Studio album by Drivin' N' Cryin'
- Released: January 8, 1991
- Recorded: 1990
- Studios: Kiva, Memphis, Tennessee
- Genres: Southern rock, hard rock
- Length: 39:23
- Label: Island
- Producer: Geoff Workman

Drivin' N' Cryin' chronology
| Mystery Road (1989) | Fly Me Courageous (1991) | Smoke (1993) |

Singles from Fly Me Courageous
- "Fly Me Courageous" Released: 1990; "Build a Fire" Released: 1991; "The Innocent" Released: 1991; "Around the Block Again" Released: 1992;

= Fly Me Courageous =

Fly Me Courageous is the fourth studio album by Southern rock band Drivin' N' Cryin', released on January 8, 1991, by Island Records.
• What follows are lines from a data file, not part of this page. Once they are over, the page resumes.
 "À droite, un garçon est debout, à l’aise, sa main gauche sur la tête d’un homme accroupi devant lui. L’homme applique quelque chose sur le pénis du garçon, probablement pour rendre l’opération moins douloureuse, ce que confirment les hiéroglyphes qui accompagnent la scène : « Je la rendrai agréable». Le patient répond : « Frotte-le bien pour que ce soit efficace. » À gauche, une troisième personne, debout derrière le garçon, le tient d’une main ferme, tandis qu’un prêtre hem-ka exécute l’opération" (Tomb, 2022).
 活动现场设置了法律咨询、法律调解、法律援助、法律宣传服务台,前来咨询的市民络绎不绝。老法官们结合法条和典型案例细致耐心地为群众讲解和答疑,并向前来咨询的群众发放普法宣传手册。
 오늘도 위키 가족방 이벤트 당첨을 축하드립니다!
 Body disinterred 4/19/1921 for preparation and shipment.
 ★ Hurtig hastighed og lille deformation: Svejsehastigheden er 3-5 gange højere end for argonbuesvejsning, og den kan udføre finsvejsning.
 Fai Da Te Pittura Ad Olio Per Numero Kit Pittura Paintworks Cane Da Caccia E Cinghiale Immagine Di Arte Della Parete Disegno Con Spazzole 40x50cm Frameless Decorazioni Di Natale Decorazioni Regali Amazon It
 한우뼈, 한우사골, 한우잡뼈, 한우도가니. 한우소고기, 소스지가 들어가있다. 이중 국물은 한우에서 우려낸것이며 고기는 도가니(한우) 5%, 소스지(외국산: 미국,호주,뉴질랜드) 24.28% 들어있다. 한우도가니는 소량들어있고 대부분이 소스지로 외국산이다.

The album is the band's most commercially successful release, in part due to the title track striking a patriotic chord in the United States during the start of the Persian Gulf War. In 1995, Fly Me Courageous was certified gold.

==Overview==
Originally, Andy Johns was slotted to produce the album, as the band was impressed by his work with Rod Stewart and Cinderella. However, Johns fell ill, so they chose Geoff Workman to produce instead.
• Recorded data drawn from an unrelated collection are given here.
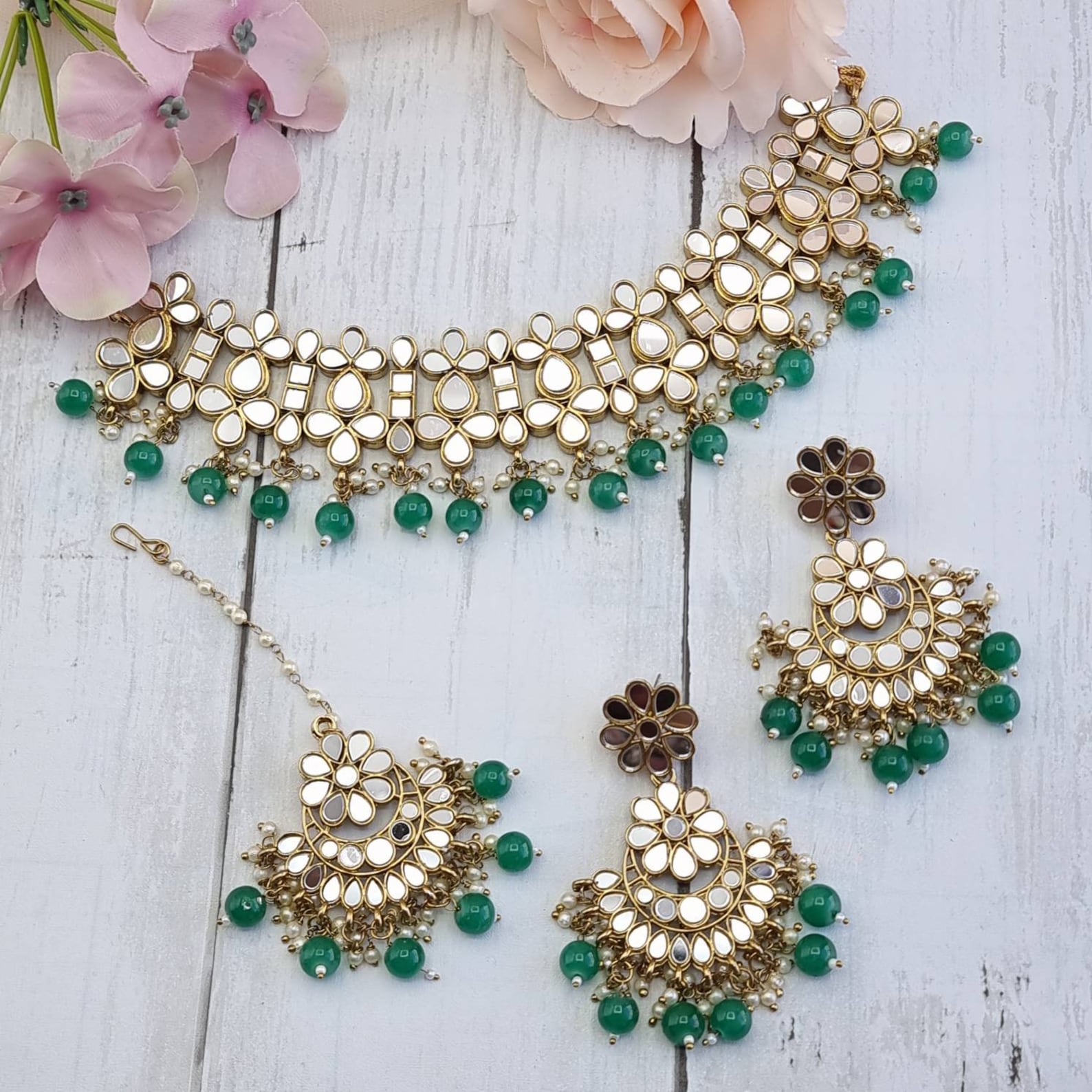 Azai by Nykaa Fashion Green Mirror Work Statement Jewellery Set Buy Mirror Work Jewellery Set Choker sets, long necklaces, elaborate jhumkas with tiny embedded mirror pieces can be worn by brides and guests. The intricate designs add sparkle to. Mirror necklace with jhumka tikka,mirror work jewellery , mirror jhumka ,green mirror set, pearl mirror set pastel pink mirror set multicolo. Price and other details may vary based on product size and colour. Price and other. Mirror Work Jewellery Set.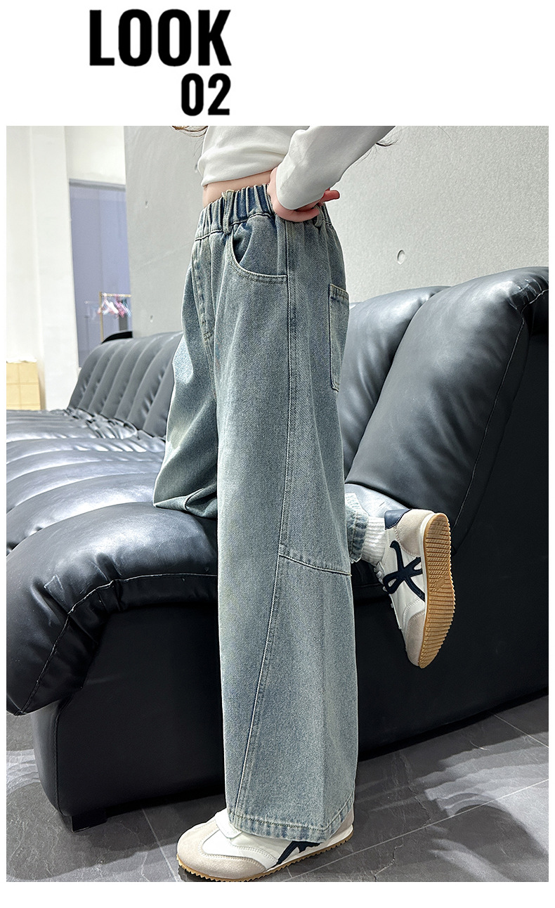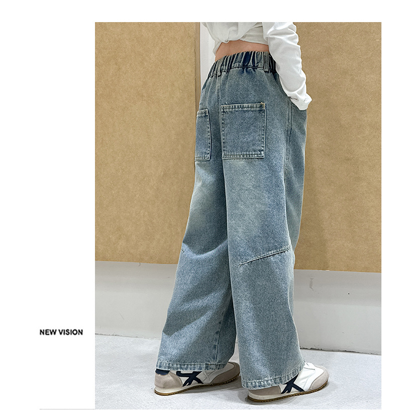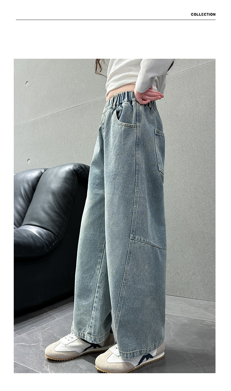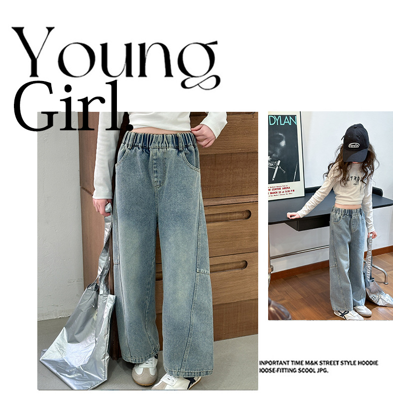 소녀 청바지 봄과 가을 2025 새로운 스타일 한국 스타일 서양식 캐주얼 패션 느슨한 직선 다리 넓은 다리 바지스토어 가기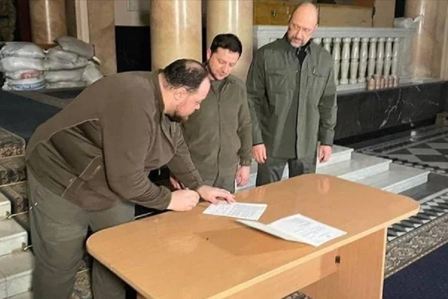 Το απόγευμα της Δευτέρας ο πρόεδρος της Ουκρανίας, Βολοντίμιρ Ζελένσκι υπέγραψε αίτηση για την ένταξη της Ουκρανίας στην Ευρωπαϊκή Ένωση. Την είδηση ανακοίνωσε το ουκρανικό κοινοβούλιο.

Fly Me Courageous was released during the outbreak of the Persian Gulf War. In turn, the album's title track was interpreted as a pro-war song. "Fly Me Courageous" reached No. 15 on the Modern Rock Tracks chart. Drivin' N Cryin's guitarist Kevn Kinney said of the song's success:

We were getting invitations to play Naval and Air Force bases and getting tours of airplanes and pilots telling us they were listening to it before takeoff.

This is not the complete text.